Annual Tax Filing Requirements for a C Corp

If your SMLLC elects C Corp status, its annual tax filing requirements will shift dramatically. The business itself will be required to file IRS Form 1120, U.S. Corporation Income Tax Return. This form reports the corporation's income, gains, losses, deductions, and credits, and is used to calculate the corporate income tax liability. Unlike pass-through entities where profits are taxed only at the owner's level, a C Corp pays tax on its net income at the corporate tax rate. This means the business is responsible for its own tax obligations before any profits are distributed to you, the owner.

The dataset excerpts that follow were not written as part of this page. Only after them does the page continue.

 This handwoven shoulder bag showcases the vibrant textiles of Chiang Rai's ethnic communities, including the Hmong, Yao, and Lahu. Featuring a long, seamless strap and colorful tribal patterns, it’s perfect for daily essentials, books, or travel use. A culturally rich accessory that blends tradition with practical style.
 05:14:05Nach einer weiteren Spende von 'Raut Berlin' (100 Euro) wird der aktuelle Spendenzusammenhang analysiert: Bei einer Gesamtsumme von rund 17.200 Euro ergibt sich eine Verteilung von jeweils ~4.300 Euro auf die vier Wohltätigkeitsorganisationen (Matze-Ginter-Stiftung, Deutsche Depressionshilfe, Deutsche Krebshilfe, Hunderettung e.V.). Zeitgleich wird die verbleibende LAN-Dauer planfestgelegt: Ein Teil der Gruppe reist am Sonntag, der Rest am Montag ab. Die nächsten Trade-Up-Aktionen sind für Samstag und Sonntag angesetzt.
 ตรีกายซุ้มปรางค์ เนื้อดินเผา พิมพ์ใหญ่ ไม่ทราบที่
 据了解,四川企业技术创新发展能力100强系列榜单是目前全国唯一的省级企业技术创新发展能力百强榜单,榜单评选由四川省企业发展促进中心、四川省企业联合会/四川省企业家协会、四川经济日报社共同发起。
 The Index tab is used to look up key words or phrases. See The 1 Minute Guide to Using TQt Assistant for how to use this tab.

Understanding Double Taxation

The primary reason many small business owners shy away from the C Corp election is the concept of "double taxation." This occurs because profits are taxed at two levels:
  • Corporate Level: The C Corporation pays income tax on its profits using IRS Form 1120.
  • Shareholder Level: When the corporation distributes its after-tax profits to shareholders (which would be you, as the SMLLC owner) in the form of dividends, those dividends are then taxed again on your personal income tax return (Form 1040).
This two-tiered taxation can significantly reduce the net income available to you compared to a pass-through entity like a default SMLLC or an S Corporation. While C Corps can offer certain benefits, such as potentially lower corporate tax rates on retained earnings or easier access to capital for larger businesses, the double taxation aspect often outweighs these for most first-time entrepreneurs and side-hustlers. It's essential to carefully weigh these implications when considering your single member LLC tax filing requirements.

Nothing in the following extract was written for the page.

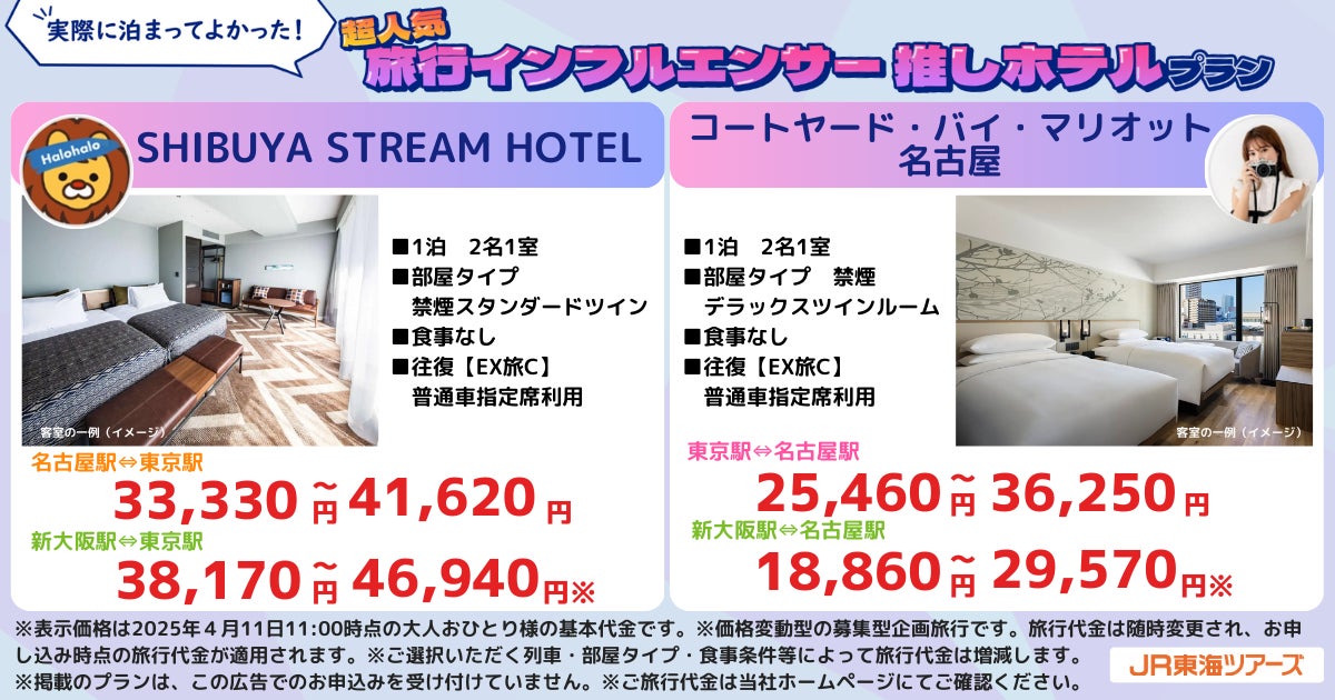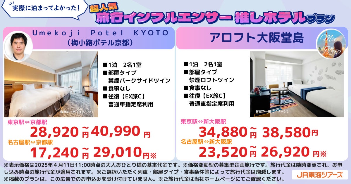 株式会社ジェイアール東海ツアーズ(本社:東京都中央区、以下JR東海ツアーズ)は、2025年4月11日(金)11時より、超人気旅行系インフルエンサーが厳選した「実際に泊まってよかった!推しホテル」と新幹線をセットにしたEX旅パック特別プランを発売いたしました。昨年に引き続き『Halohaloさん』と『もえさん』に加え、『SAORIさん』と『おのだ/Onodaさん』の計4名が、コスパ◎なホテルから一度は泊まってみたいラグジュアリーホテルやテーマパーク周辺のホテルまで幅広いランクから推しホテルを厳選し、おすすめポイントとともに紹介します。さらに、出発の30日前までの予約限定とすることで、お得な価格になりました。期間限定のこのチャンスをお見逃しなく。

Understanding Self-Employment Taxes for SMLLCs

When you run your own business as a single member LLC, one of the most significant tax considerations you'll face is self-employment tax. Unlike traditional employees who have Social Security and Medicare taxes withheld from their paychecks, self-employed individuals are responsible for paying these taxes directly. Understanding how this works is crucial for managing your finances and fulfilling your single member LLC tax filing requirements.

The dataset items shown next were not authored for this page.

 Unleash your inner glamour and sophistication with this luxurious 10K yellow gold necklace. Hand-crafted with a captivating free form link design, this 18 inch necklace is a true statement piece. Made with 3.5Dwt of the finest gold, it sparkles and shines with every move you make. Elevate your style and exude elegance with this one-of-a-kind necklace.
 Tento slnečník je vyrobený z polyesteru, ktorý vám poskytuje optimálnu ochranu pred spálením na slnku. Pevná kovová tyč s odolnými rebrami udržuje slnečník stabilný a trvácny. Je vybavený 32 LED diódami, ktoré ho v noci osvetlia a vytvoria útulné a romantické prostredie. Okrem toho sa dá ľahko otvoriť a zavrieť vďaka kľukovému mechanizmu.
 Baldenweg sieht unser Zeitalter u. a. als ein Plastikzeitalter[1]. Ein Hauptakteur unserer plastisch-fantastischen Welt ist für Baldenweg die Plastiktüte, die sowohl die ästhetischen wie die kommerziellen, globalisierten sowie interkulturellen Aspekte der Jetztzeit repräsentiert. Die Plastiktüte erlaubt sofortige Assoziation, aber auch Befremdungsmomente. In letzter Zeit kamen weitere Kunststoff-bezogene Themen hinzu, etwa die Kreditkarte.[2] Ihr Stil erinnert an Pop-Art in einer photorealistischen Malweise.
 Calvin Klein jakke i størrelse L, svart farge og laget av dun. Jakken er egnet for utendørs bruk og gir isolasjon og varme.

What is Self-Employment Tax?

Self-employment tax is essentially the Social Security and Medicare taxes for individuals who work for themselves. These taxes contribute to funding Social Security and Medicare benefits, which provide retirement, disability, survivor, and healthcare coverage. It's a critical component of federal taxation for entrepreneurs.
What is Self-Employment Tax? Self-employment tax is a tax consisting of Social Security and Medicare taxes primarily for individuals who work for themselves. It is similar to the Social Security and Medicare taxes withheld from the pay of most wage earners.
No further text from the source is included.